Provided material:
★ ★ ★ ★ ★ ★ ★

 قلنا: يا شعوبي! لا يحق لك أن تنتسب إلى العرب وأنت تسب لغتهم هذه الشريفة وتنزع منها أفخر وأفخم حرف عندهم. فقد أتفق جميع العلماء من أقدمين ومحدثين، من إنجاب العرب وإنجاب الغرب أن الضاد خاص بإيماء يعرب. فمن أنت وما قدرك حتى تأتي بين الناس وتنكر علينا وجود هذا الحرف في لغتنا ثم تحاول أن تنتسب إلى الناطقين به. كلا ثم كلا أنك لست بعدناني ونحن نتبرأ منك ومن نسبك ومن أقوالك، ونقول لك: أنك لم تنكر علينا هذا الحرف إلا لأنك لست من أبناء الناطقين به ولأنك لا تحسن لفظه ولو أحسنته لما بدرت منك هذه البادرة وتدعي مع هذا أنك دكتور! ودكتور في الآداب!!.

★ ★ ★ ★ ★ ★ ★

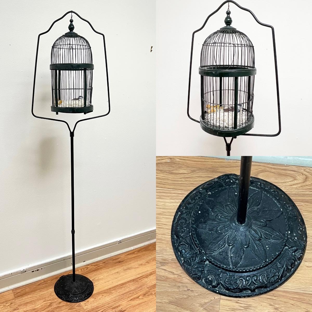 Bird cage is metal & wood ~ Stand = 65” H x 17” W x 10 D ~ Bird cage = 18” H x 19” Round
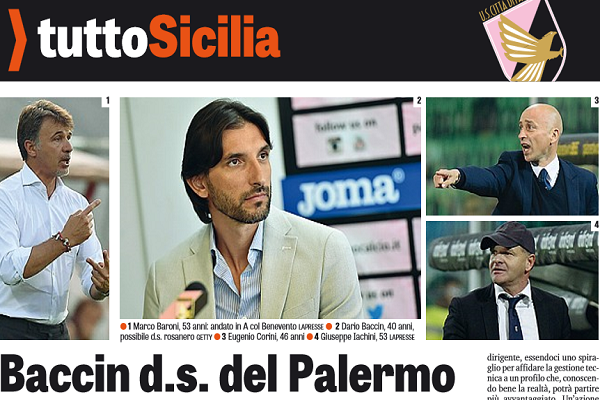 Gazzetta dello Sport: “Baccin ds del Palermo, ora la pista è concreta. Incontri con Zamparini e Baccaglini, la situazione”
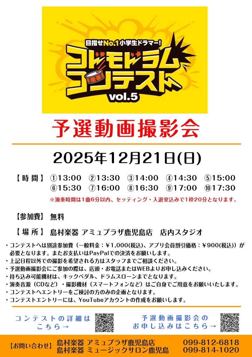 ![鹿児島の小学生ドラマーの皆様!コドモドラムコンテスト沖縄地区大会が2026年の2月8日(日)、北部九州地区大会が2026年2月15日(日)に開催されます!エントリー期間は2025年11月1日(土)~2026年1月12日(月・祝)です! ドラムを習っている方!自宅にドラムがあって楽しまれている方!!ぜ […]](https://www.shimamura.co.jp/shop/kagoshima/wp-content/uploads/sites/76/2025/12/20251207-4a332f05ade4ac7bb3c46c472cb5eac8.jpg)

★ ★ ★ ★ ★ ★ ★

Your assignment: Each line from the one that contains "Bird cage is" down to the one that contains "del Palermo, ora" is to be returned exactly as it stands above, both ends included, with pictures removed.

Problem solution:
 Bird cage is metal & wood ~ Stand = 65” H x 17” W x 10 D ~ Bird cage = 18” H x 19” Round
 Gazzetta dello Sport: “Baccin ds del Palermo, ora la pista è concreta. Incontri con Zamparini e Baccaglini, la situazione”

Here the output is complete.